On March 1, the leader of the Cuban Revolution, Raúl Castro, and the President, Miguel Díaz-Canel, received the Secretary of the Russian Security Council, Nikolái Pátrushev, who paid a working visit to the country.

Meanwhile, the day before, the Cuban president spoke with the head of the Chamber of Senators of the Plurinational State of Bolivia, Andrónico Rodríguez, and with the president of the International Olympic Committee, Thomas Bach.

With the former, the conversation revolved around the strengthening of historical ties between both nations and the achievement of new common projects, while the latter expressed his admiration for the island's work in sports, where it has won more than 200 Olympic medals with barely 11 million inhabitants.

Outside Cuba's borders, Cuban Vice-President Salvador Valdés participated in the Non-Aligned Movement (Mnoal) Summit on recovery after the Covid-19 pandemic, where he invited the members of the group to use the island's biotechnological medicines and ratified the willingness to support the anti-Covid-19 vaccination campaign wherever necessary.

During his stay in Baku, Azerbaijan, Valdés also held talks with authorities from Bosnia and Herzegovina, Uganda, Tanzania and the host country.

In Geneva, Switzerland, Foreign Minister Bruno Rodríguez reiterated Cuba's willingness to maintain cooperation with international human rights mechanisms on the basis of a respectful and constructive dialogue.
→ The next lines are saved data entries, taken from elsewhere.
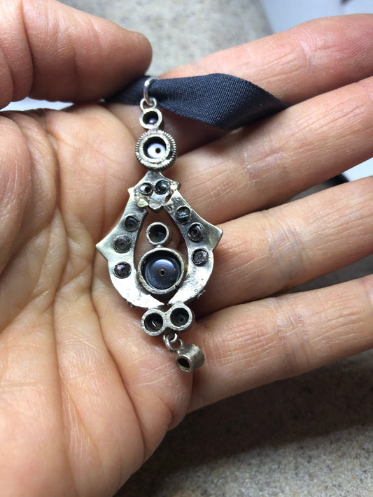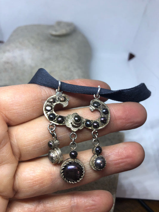 Vintage Black Pearl 925 Sterlng Silver Choker Necklace
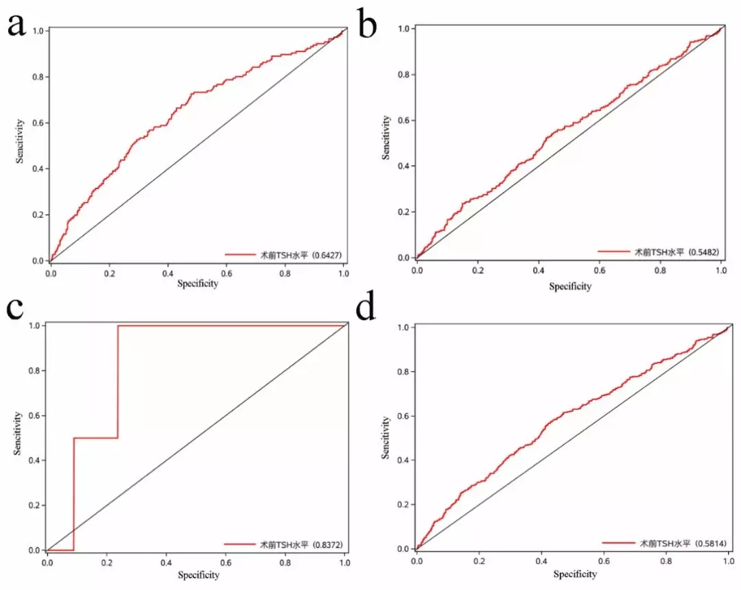 注:(a)甲状腺浸润术前TSH水平roc曲线。(b)淋巴结转移术前TSH水平roc曲线。(c)远处转移患者术前TSH水平roc曲线。(d)侵袭/转移术前TSH水平roc曲线。
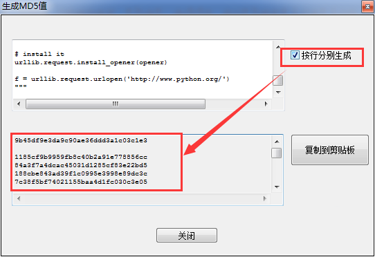 5、如圖,還可將“按行分別生成”勾選上,即可將每行的MD5生成。
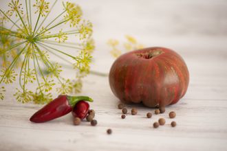 Высокорослый, высокоурожайный, крупноплодный сорт, среднего срока созревания. Плоды бордовые с зеленой штриховкой, сердцевидно-округлые, мясистые, собраны в большие кисти весом около 300-400гр. Мякоть плотная, сладкая, сахарится на разломе. Назначение салатное.
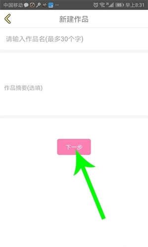 3.打开创建作品界面,设置作品名和作品摘要,然后点击“下一步”。
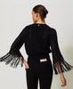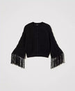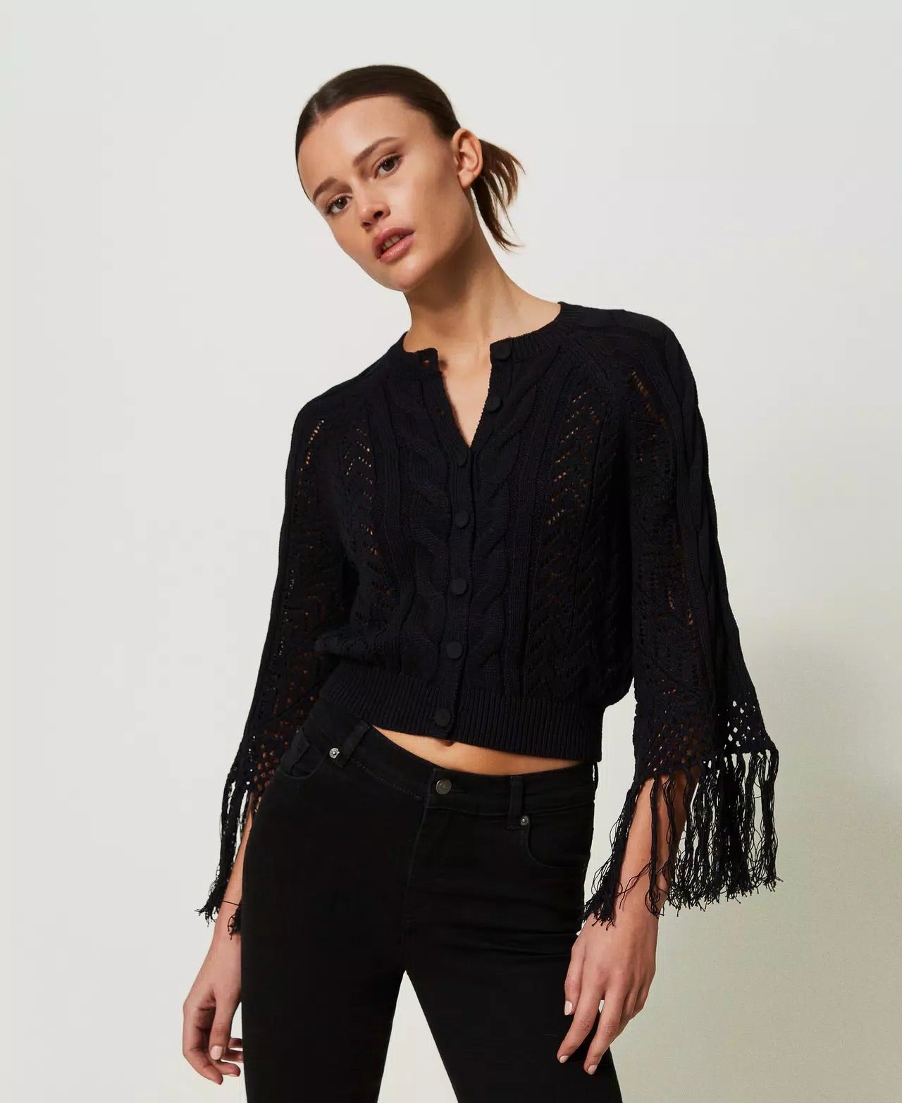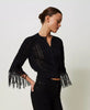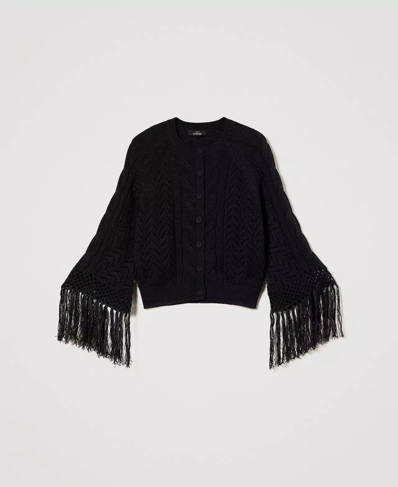 ACTITUDE TWINSET CARDIGAN da donna girocollo in misto cotone con lavorazione a punti e trafori, bottoni ricoperti e frange lunghe ai polsi.

Speaking at the high-level segment of the Human Rights Council, the head of the Caribbean nation's diplomacy also expressed concern over the politicization of the issue and its use by some powers to stigmatize governments that do not agree to follow their designs.

The tour of the candidates to the Parliament through communities, labor and student centers to talk with the population was the closing of the week's activities, where the fight to extinguish a forest fire in the east of the country, which has already consumed almost four thousand hectares of forest, has not stopped either.